The new 2012 white is a fun blend of petit manseng, viognier, chardonnay, and traminette. It’s fresh, fruity (but not too much) with lively acidity, tastes like spring green, and reminds me most of semi-dry Austrian white blends. Great for spring and summer, solo or with food.
The 2011 red was MUCH better than I expected from the crummy quality of that vintage. It smelled and tasted like fresh raspberries, bright and lively and clean, much like a Beaujolais, and considering we’re coming back into warm weather, this is the PERFECT red for summertime, esp. chilled or served with a little soda water in late afternoon.
I admire an operation that gives you great wines for the money both at the top and at the entry level of their product line.
Going back to Ingleside’s barrel tasting Saturday:
Driving east on Rt. 3 into King George County east of Fredericksburg on down the Northern Neck, is a lot like driving on the Eastern Shore, only sideways (east/west). You rapidly leave I-95 and over-developed Fredericksburg behind, and after about 20 or 30 miles, wonder why you haven’t driven into the Potomac yet, but then are grateful to find someplace so close to No.VA and yet so far away….
The two whites at the barrel tasting were both 2012 tank samples: the viognier and the chardonnay. Apparently rot has been a problem with the viognier, and after a hard hit in the vineyard and a re-planting, this is the first varietal release in at least half a decade.
Ingleside Vineyards 2012 Viognier (not yet bottled): Great nose of citrus, orange blossom, vibrant peach. On the palate: rich, round, fine peach and red apple, ripe orange flavors, solid and plump mid-palate, but with balanced acidity.

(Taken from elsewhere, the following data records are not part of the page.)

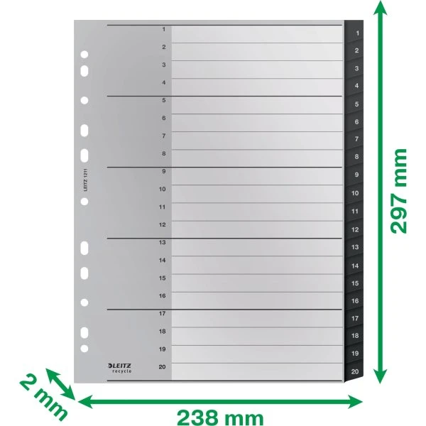 Recycle registeret er et holdbart register i tynd PP-plast med 20 numeriske faneblade med tryk 1-20, for en klar og tydelig organisering af dine A4-papirer, dokumenter og øvrige materialer. Registeret hjælper med at holde styr på vigtige noter og emner og er velegnet til brug i hjemmet, på skolen eller på kontoret.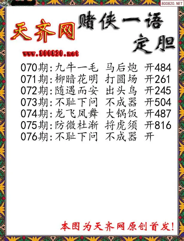 076期[彩3D赌侠一句定三码字图谜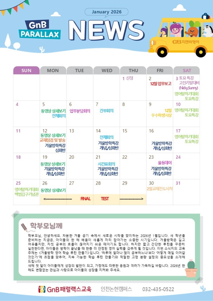 [지앤비 어학원] 2026년 1월 소식지
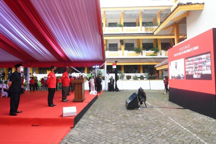 “Bagus. Door to door ini bagus artinya kita mendatangi dari rumah ke rumah yang ingin vaksin segera disuntik. Saya kira program dari rumah ke rumah ini bagus sekali. Terima kasih juga untuk Ketua RT yang juga telah ikut berpartisipasi mendorong warganya agar ikut vaksinasi,” ucap Presiden saat berdialog dan meninjau acara vaksinasi untuk pelajar dan vaksinasi dari rumah ke rumah melalui konferensi video pada Rabu, 14 Juli 2021.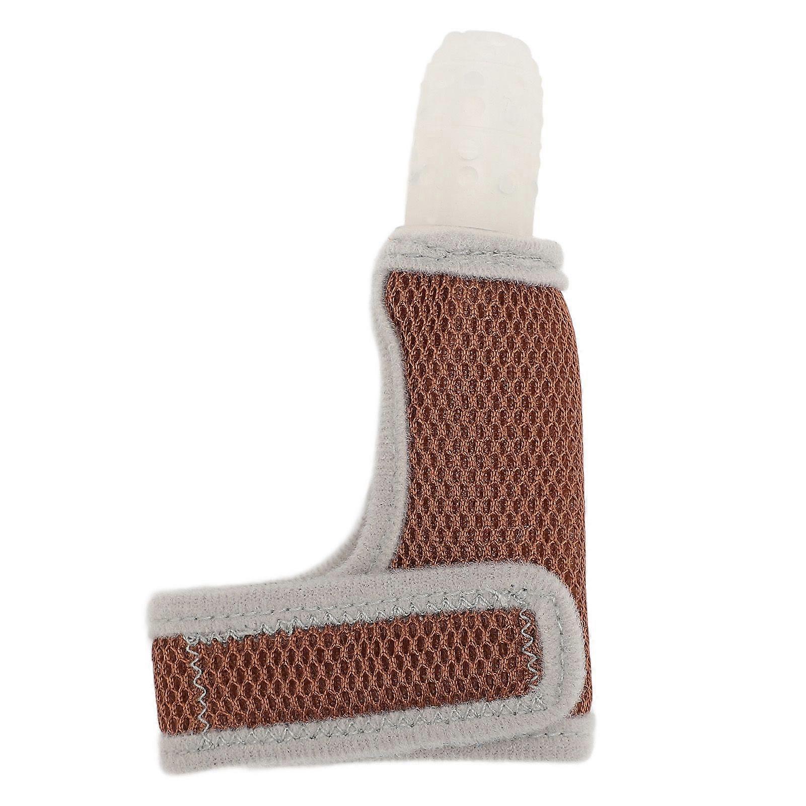 Infant Silicone Thumb Guard Finger Protection Stop Sucking Baby Thumb with Breathable Wrist Band for Baby Over 3 Months Old White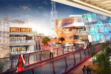 “欢乐谷”共有9栋楼,四大组团,其中1#、2#、3#楼为A组团,楼层为3层,业态规划明确,一层为品牌主力店、零售商业,二层为普通及非主流商业,三层为特色餐饮、风味餐厅。4#、5#、6#为B组团,其中6#楼为大型办公写字楼,共有14层,其余的均为商业主力店及小卖场。C组团有8#和9#楼,9#楼的第三层为康乐项目,四层及以上为酒店式公寓,其余的为品牌主力店和零售商业。7#楼独栋作为D组团,建筑四平八稳、中心突出、左右逢源,共有5层,地下负一层有大型停车场、四季泳池;1层为饮食类、零售商业;2层为大型综合百货;3层以少儿用品为主;4层为大型影院;5层为露天空中花园,不仅解决屋面空置,而且增添游乐空间和街区绿化。全方位空间利用,三大广场引入地标性建筑摩天轮、水上游艇、星际飞车、网红玻璃桥游乐等项目,极大的增添了整个商业区的人流气息,室内室外、楼内楼外、楼楼相连、层层相通、上下贯通、四通八达,为整个职教园区的师生及新区的民众生活提供了极大的便利。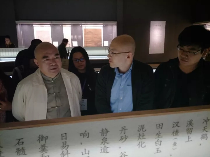 2017年10月17日上午,考察·写生团来到南京博物院,参观“青藤白阳——徐渭、陈淳书画艺术特展”、“无边诗境入画来——傅抱石古人诗意画展”以及“傲霜冷趣——陈之佛秋冬题材绘画展”。“青藤白阳——徐渭、陈淳书画艺术特展”是本次考察参观的重点,徐渭、陈淳的画作对于理解中国绘画意象造型中的“大写意”精神有着不可替代的意义。参观由南京博物院研究员庞鸥引导,他对于展览概况与部分作品进行了简要介绍,尹沧海教授则对于重点作品从技法、画风、思想等层面进行了详细解读、分析,使学员在观摩中逐步把握到中国绘画的写意性与写意精神之所在。参观过程中还偶遇了刘曦林教授,研讨了徐渭、陈淳生平、艺术风貌、后世影响等的问题。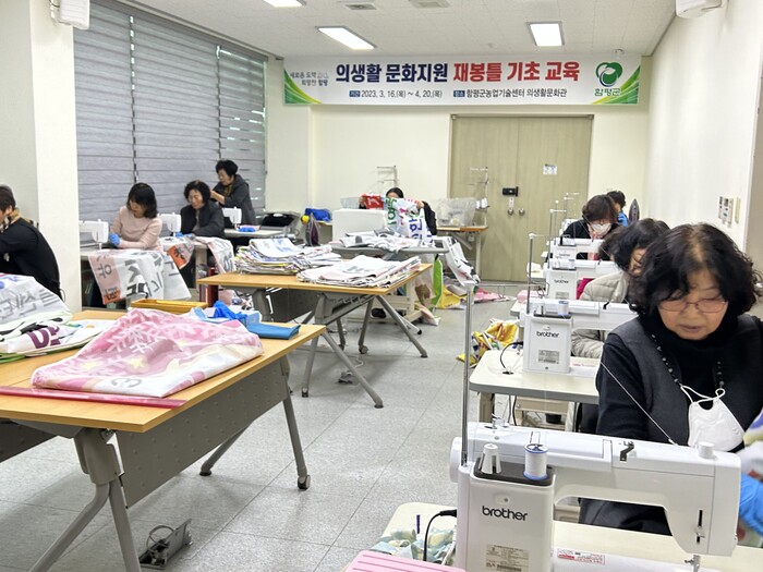 회원들은 농업기술센터에서 추진한 ‘재봉틀 기초교육’을 통해 배운 기술을 활용해 폐현수막을 마대자루로 새롭게 재탄생시켰다.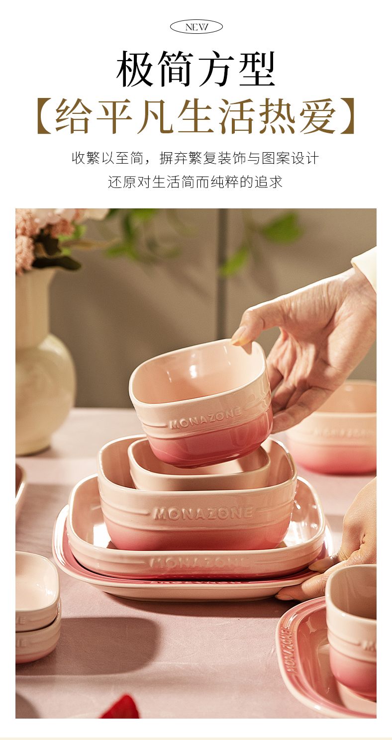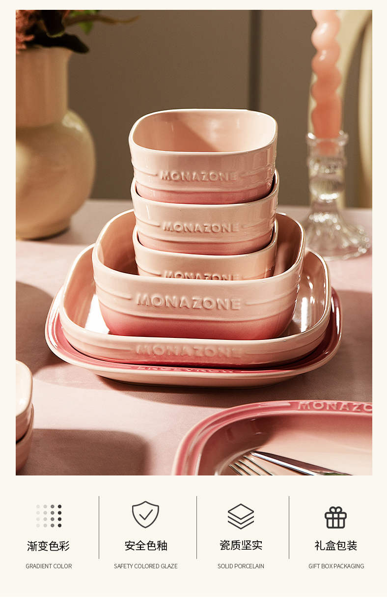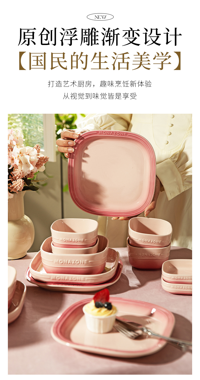 摩登主妇MONAZONE方形餐具家用饭碗盘子新婚生日礼物碗碟套装礼盒
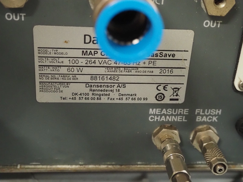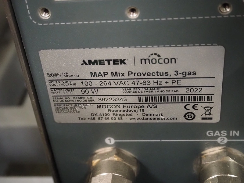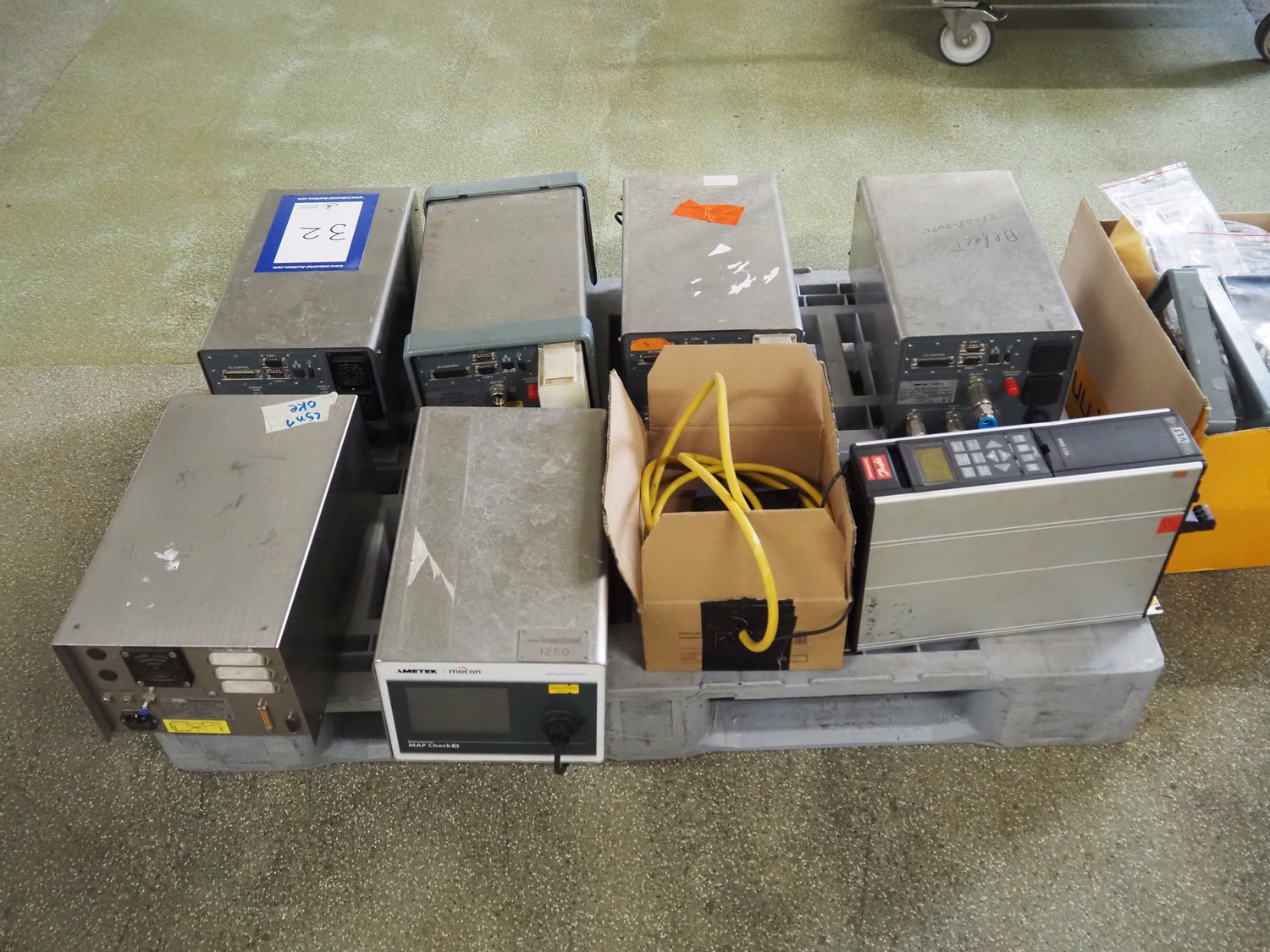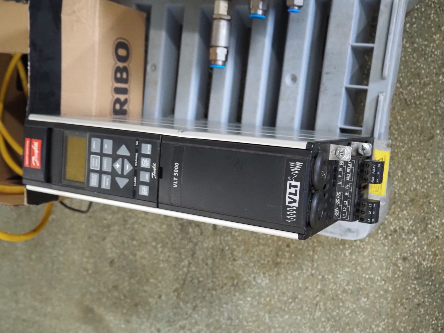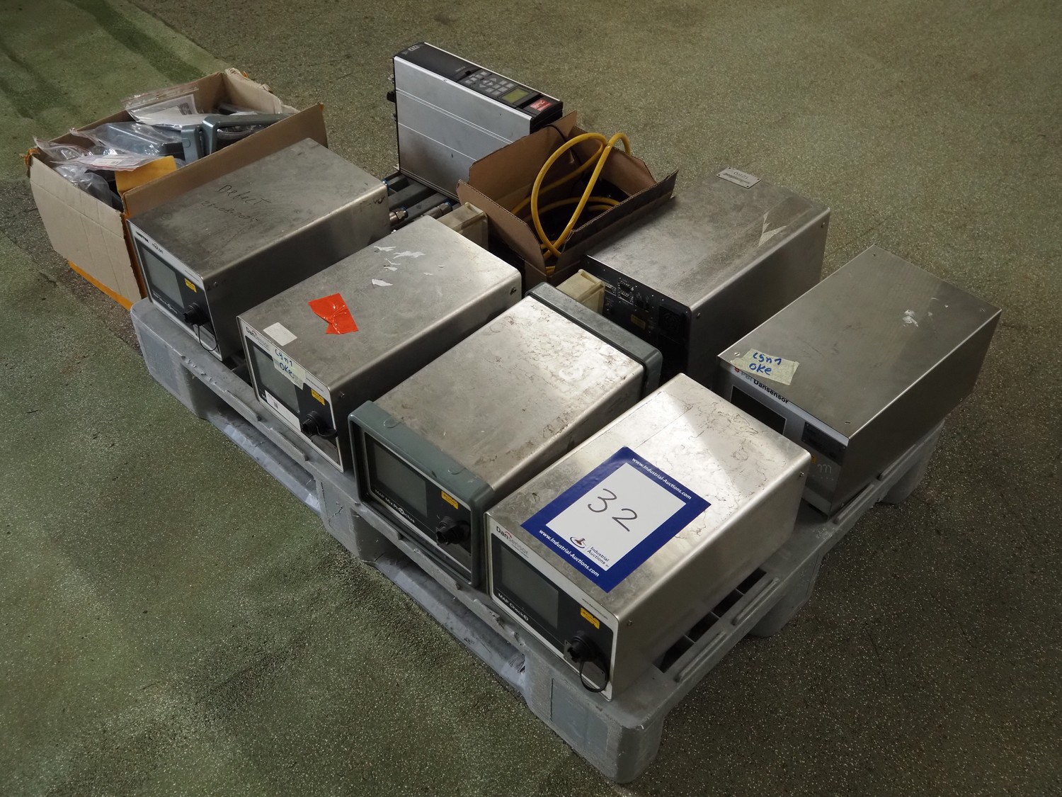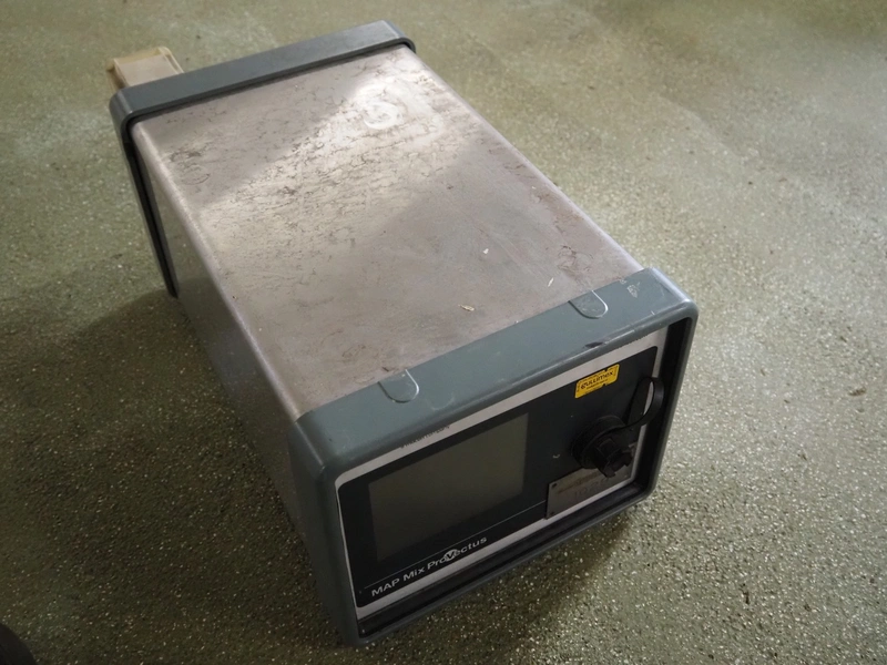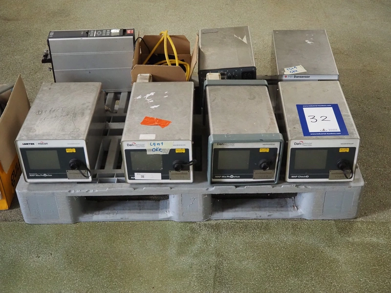 Pallet with 6 PBI Dansensor gas mix stations, models: MAP Mix Provectus and MAP Check, dimensions: (6x) 230 mm x 200 mm x 380 mm, 1 Danfoss frequency convertor. 1 gas mix station defect.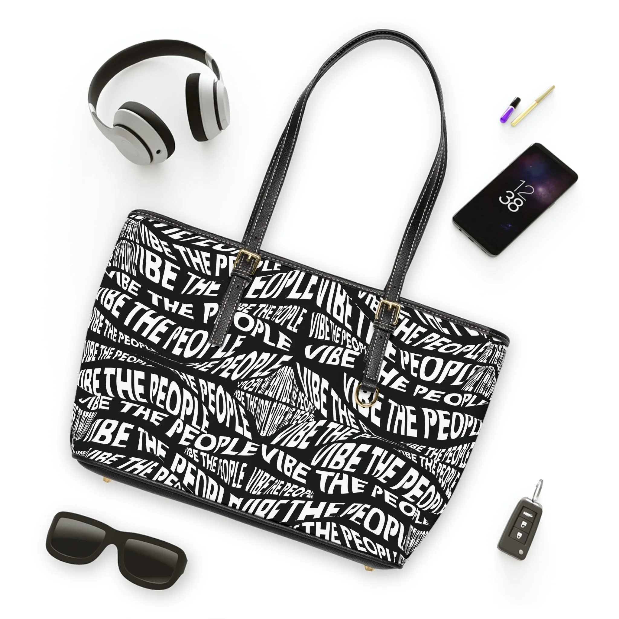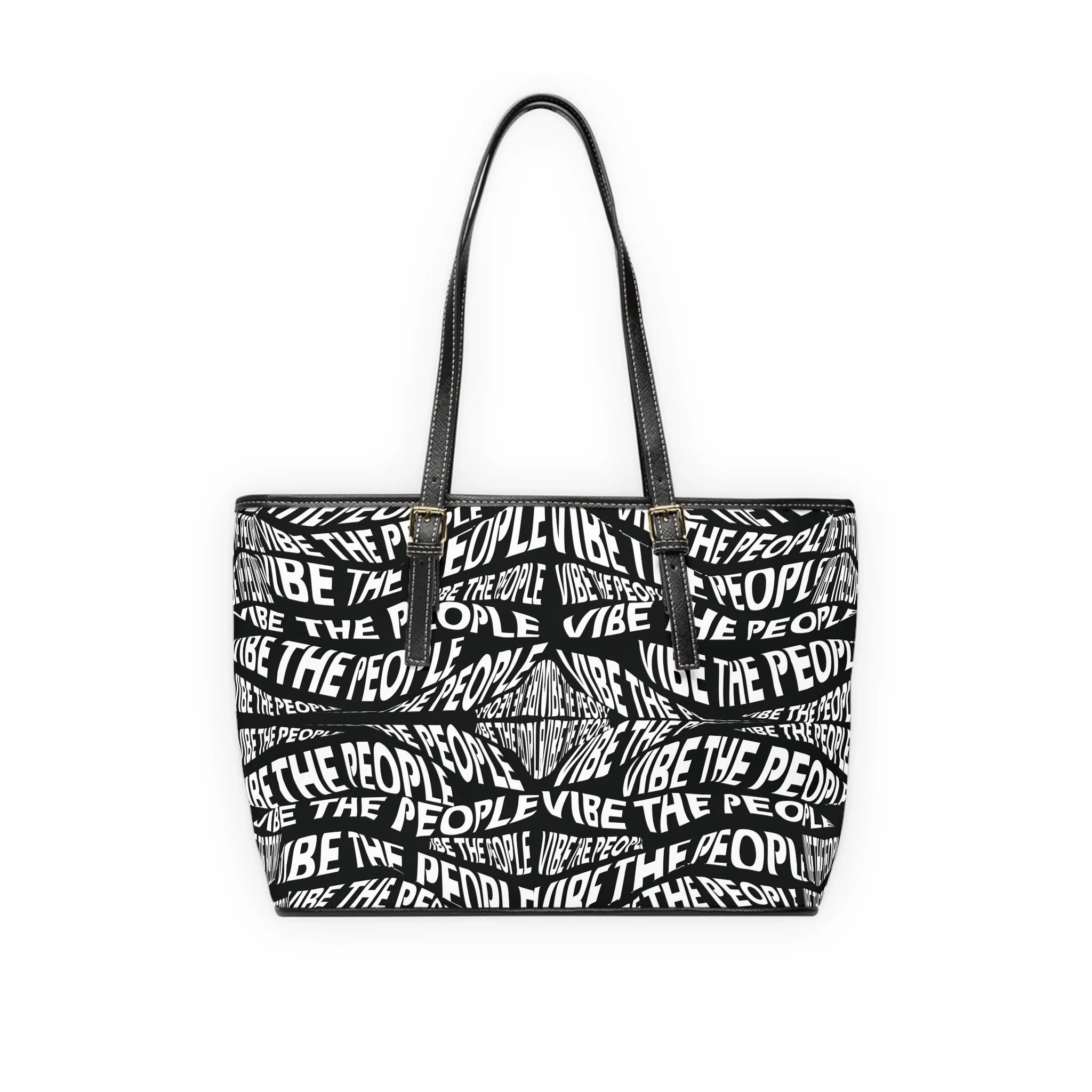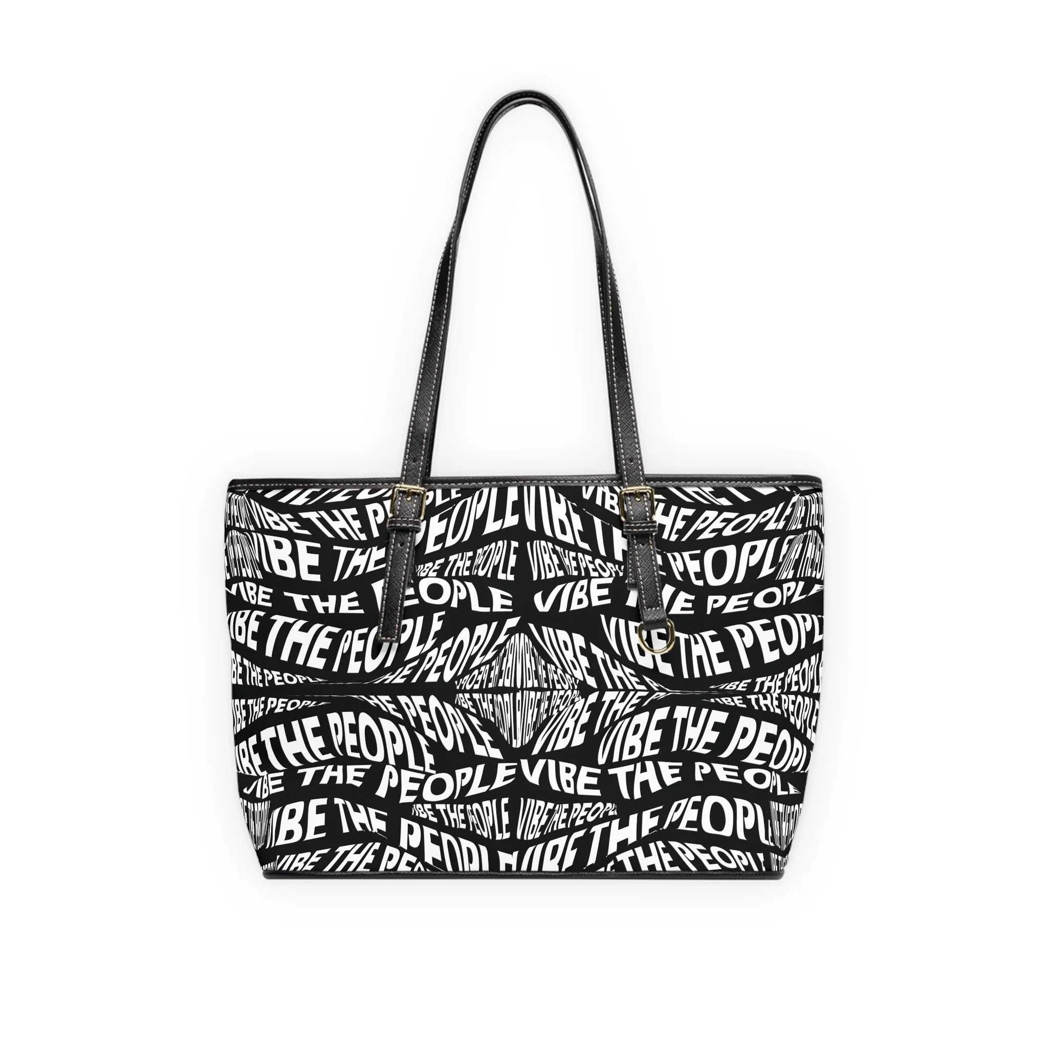 A bold, graphic shoulder tote that speaks with attitude. Crafted from high-grade PU leather with a soft polyester lining, this double-sided bag carries a loud black-and-white mantra print — repeating “VIBE THE PEOPLE” in hand-lettered strokes that ripple across the surface. The long, adjustable straps sit comfortably on shoulder or crook of arm. Inside, a zip pocket and two open pockets keep phone, keys, and wallet organized. Gold-toned hardware adds a subtle shine against the monochrome palette. This bag moves from street markets to late-night gigs, bringing structure and swagger to everyday carry.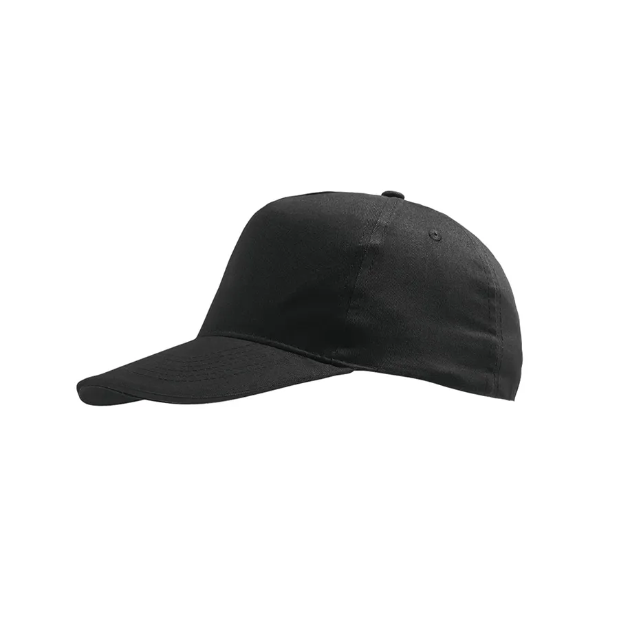 Бейсболка без шва на лбу, 5 клиньев, 4 обшивных люверса, жесткий козырек, застежка-липучка.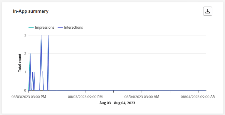 De grafiek van In-app summary illustreert de voortgang van uw in-app-indrukkingen en interacties in de afgelopen 24 uur en geeft een uitgebreid overzicht van de prestaties van uw In-app-berichten.

Ingleside Vineyards 2012 Chardonnay (not yet bottled): served from a carboy, cloudy as with apple cider from lees (yeast cells). Was aged for a time in neutral oak, a hint of butterscotch confirms this. Nicely balanced between fruit, lees, and acidity.
Ingleside Vineyards Petit Verdot 2010: (not yet bottled)a spicy oak nose (blend of U.S., Hungarian and French cooperage). Nose is still closed, but POW! on the palate, a huge punchy hit of spice, rich black fruits and long tannins. Fine, subtle flavors, fresh finish. AVailable soon.
Ingleside Vineyards Petit Verdot 2012: (not yet bottled): Forward, fresh boysenberry/blueberry fruit, lots of unintegrated oak in the background. Great purity of fruit, needs time but very promising.